Ketjen black is basically a conductive agent and conductive agents are usually used to make sure that the electrode possesses good charge and discharge performance. So ketjen black is responsible for carrying out charges from one end to another. This works in various forms but its major contribution is in the form of a superconductor. A lot of experiments and researches were conducted in this regard and it came through that ketjen black is best used as a superconductor therefore its applications are quite vast in this regard.
Good discharge and charge performance of the electrode are ensured by using a conductive agent.

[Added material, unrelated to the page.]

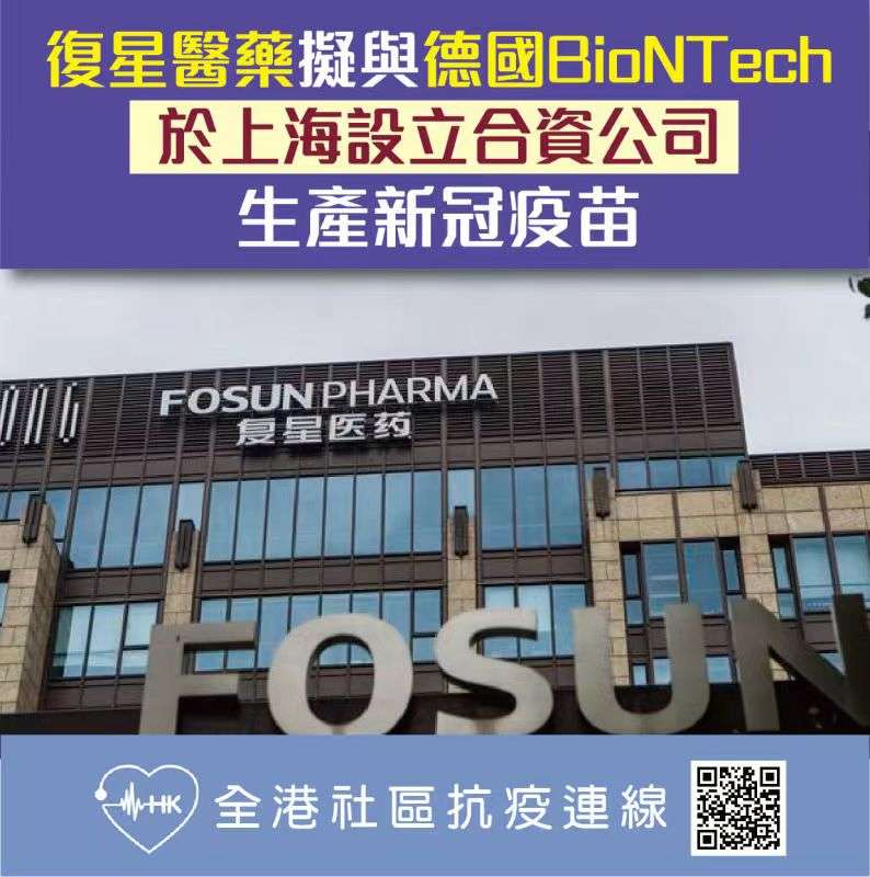 復星醫藥擬與德國BioTech於上海設立合資公司生產新冠疫苗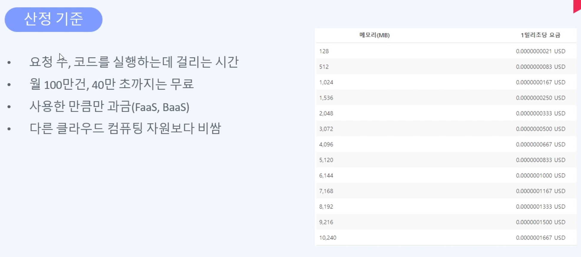 lambda의 비용 산정 기준

When the pole piece is being produced, a conductive material is usually added in a particular amount, and a micro-current is collected between the current collector and the active material for reducing the microcurrent.
The rate of the movement of electrons is accelerated by the electrode’s contact resistance, and the contact resistance also increases lithium ions’ migration rate effectively at the same time, in the electrode material, thus enhancing the electrode’s charge and discharge efficiency. The resistance of interaction can be decreased and the conductivity of the electrodes can be improved by using the conductive agent carbon black.
Carbon black conductive agent
The small size of the particle characterizes the conductive carbon black, specifically good electrical conductivity, and large specific surface area. Conductive carbon black can work in the battery as liquid retention and liquid absorption.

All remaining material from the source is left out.